Monday, July 27, 2009

Thank You for Smoking (around the baby)

I volunteer at a local organization dedicated to health education for women. My specific role is to research specific health concerns as they come up in the year (August is Children's Eye Safety month - mark your calendars!). It's a fun gig because I get to learn little factoids that aren't entirely worthless. Did you know that "cataract" means "waterfall"? Did you know that Virginia is the only state to include legislation allowing breastfeeding on any state-owned property or land? The bad part about it is that I usually terrify myself into thinking that I have whatever condition I'm researching. However, I do feel pretty confident at this point that I have neither lupus nor teen pregnancy.

While researching breastfeeding, I found something slightly more disturbing than most of the conditions themselves. While advocates of breastfeeding say that it prevents many future health problems in children, it seems there is little or no conclusive evidence to support this statement. (Hannah Rosin's article in the Atlantic Monthly references 1970's studies that turned "breast-feeding advocates and formula makers into Crips and Bloods, and introduced the take-no-prisoners turf war between them that continues to this day.")

That being said, I did quadruple-take when I found this statement on the official, for-real website for the U.S. Department of Health and Human Services.

If you smoke tobacco, it is best for you and your baby if you try to quit as soon as possible.

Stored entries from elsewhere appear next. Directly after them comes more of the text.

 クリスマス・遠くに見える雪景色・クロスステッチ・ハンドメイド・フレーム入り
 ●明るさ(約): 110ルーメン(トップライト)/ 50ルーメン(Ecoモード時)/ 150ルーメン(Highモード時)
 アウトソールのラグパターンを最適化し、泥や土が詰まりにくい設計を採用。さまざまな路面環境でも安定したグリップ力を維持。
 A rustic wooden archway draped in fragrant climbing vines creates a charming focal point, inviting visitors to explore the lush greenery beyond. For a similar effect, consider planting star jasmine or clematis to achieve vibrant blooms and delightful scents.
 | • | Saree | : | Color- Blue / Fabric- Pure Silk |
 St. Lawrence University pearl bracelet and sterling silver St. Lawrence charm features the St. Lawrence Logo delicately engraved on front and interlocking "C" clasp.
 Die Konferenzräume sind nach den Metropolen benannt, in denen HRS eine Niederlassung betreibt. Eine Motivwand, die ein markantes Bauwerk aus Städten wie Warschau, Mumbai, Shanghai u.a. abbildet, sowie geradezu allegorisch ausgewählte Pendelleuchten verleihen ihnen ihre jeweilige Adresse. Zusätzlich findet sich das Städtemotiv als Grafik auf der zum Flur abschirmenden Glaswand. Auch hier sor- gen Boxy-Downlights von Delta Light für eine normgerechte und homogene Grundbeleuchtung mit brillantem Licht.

If you can't quit though, it is still better to breastfeed since your baby is at higher risk of having respiratory problems and sudden infant death syndrome (SIDS). Breastfeeding lowers the risk of both of these health problems in your baby. Be sure to smoke away from your baby and change clothes to keep your baby away from the chemicals from the smoke on your clothing.

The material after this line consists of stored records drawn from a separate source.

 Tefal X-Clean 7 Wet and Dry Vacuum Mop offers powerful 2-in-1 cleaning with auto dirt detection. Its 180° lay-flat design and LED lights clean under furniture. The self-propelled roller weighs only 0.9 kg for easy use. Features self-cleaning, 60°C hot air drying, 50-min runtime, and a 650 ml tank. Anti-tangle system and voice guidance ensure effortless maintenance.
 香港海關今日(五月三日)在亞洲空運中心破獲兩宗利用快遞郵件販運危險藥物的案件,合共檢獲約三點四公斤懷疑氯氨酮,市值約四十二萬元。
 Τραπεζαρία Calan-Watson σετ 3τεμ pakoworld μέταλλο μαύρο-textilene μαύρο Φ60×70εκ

Ah, parental responsibility. Who needs it? The excerpt goes on to say, "You should probably not allow your baby to smoke. However, if your baby wants a cigarette, please keep in mind that your baby's motor skills are not fully developed, and offer to light it for him or her. Lighting it yourself lowers the risk of accidental burn and house fires. Your baby can enjoy nicotine straight from the source, rather than diluted in your milk, and the risk of injury is drastically decreased."